(WORK TO COMPLETE): Transcribe the data exactly, pictures excluded.

(PROVIDED MATERIAL):
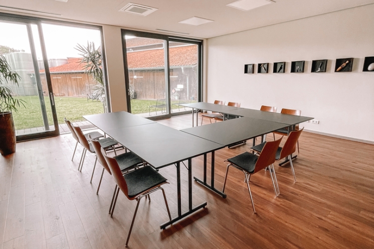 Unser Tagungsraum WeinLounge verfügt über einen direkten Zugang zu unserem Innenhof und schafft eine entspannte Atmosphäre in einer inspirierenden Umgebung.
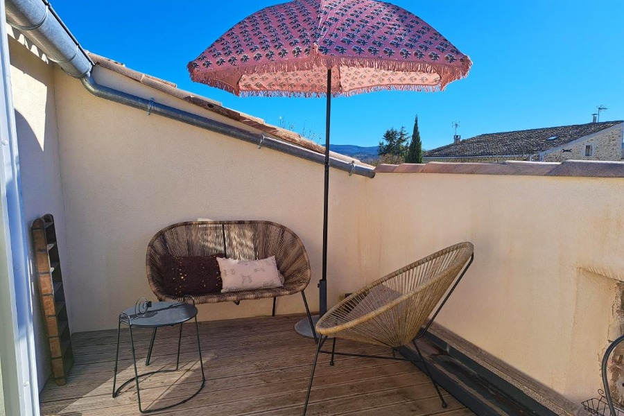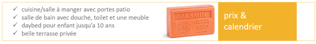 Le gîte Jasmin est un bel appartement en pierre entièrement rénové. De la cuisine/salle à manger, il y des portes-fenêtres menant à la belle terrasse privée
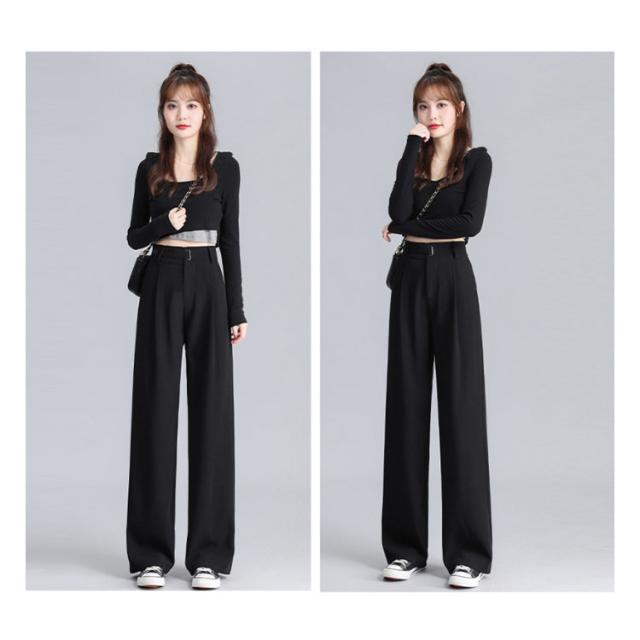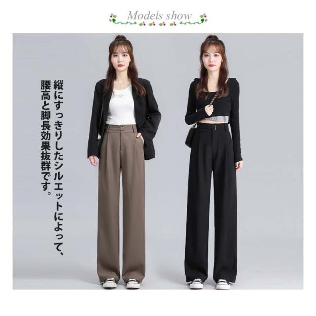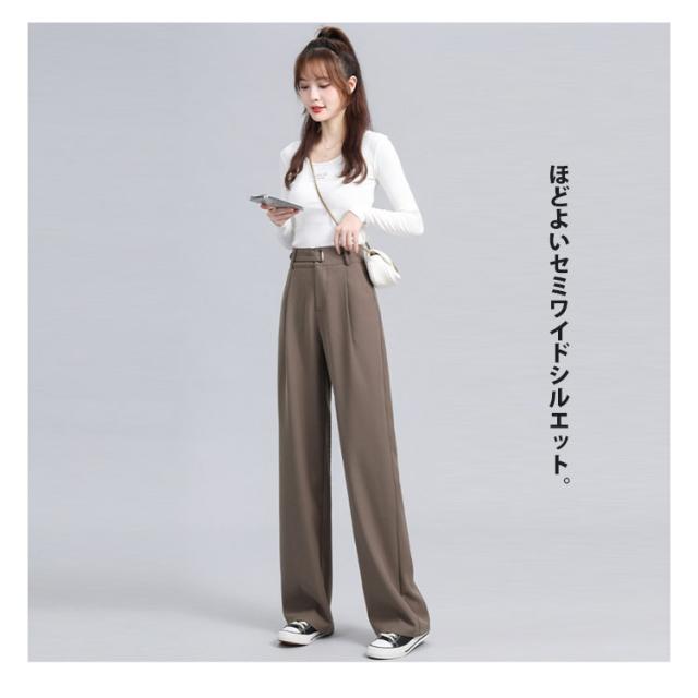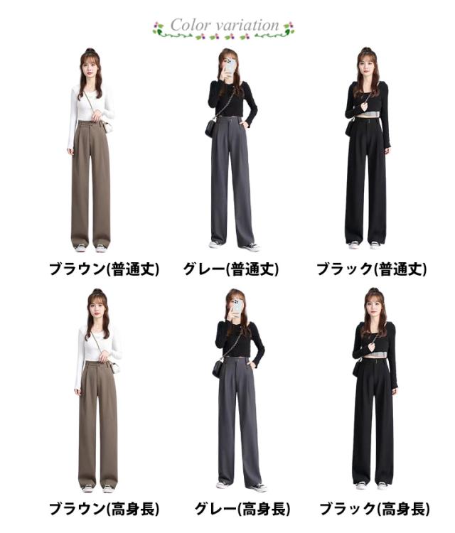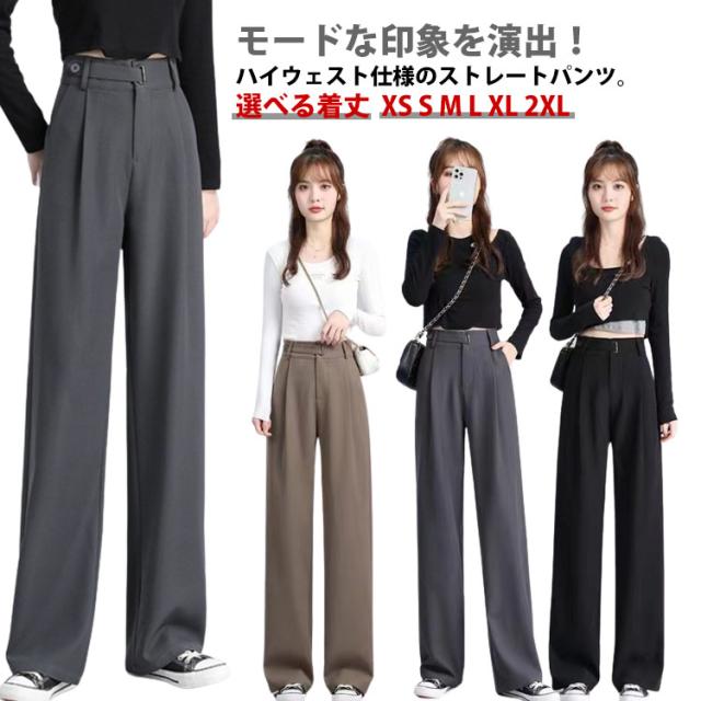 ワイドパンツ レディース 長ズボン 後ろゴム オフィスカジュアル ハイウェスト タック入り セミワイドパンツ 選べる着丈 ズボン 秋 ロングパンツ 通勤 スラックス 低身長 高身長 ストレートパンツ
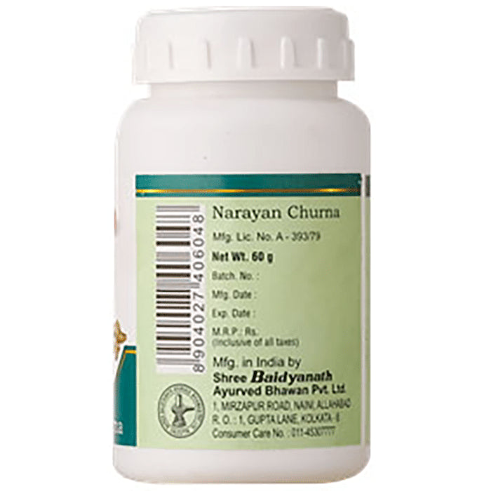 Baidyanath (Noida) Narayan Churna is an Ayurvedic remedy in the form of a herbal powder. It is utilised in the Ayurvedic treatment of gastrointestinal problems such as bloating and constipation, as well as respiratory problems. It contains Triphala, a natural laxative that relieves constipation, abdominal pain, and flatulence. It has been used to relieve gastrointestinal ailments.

(RESULT):
 Unser Tagungsraum WeinLounge verfügt über einen direkten Zugang zu unserem Innenhof und schafft eine entspannte Atmosphäre in einer inspirierenden Umgebung.
 Le gîte Jasmin est un bel appartement en pierre entièrement rénové. De la cuisine/salle à manger, il y des portes-fenêtres menant à la belle terrasse privée
 ワイドパンツ レディース 長ズボン 後ろゴム オフィスカジュアル ハイウェスト タック入り セミワイドパンツ 選べる着丈 ズボン 秋 ロングパンツ 通勤 スラックス 低身長 高身長 ストレートパンツ
 Baidyanath (Noida) Narayan Churna is an Ayurvedic remedy in the form of a herbal powder. It is utilised in the Ayurvedic treatment of gastrointestinal problems such as bloating and constipation, as well as respiratory problems. It contains Triphala, a natural laxative that relieves constipation, abdominal pain, and flatulence. It has been used to relieve gastrointestinal ailments.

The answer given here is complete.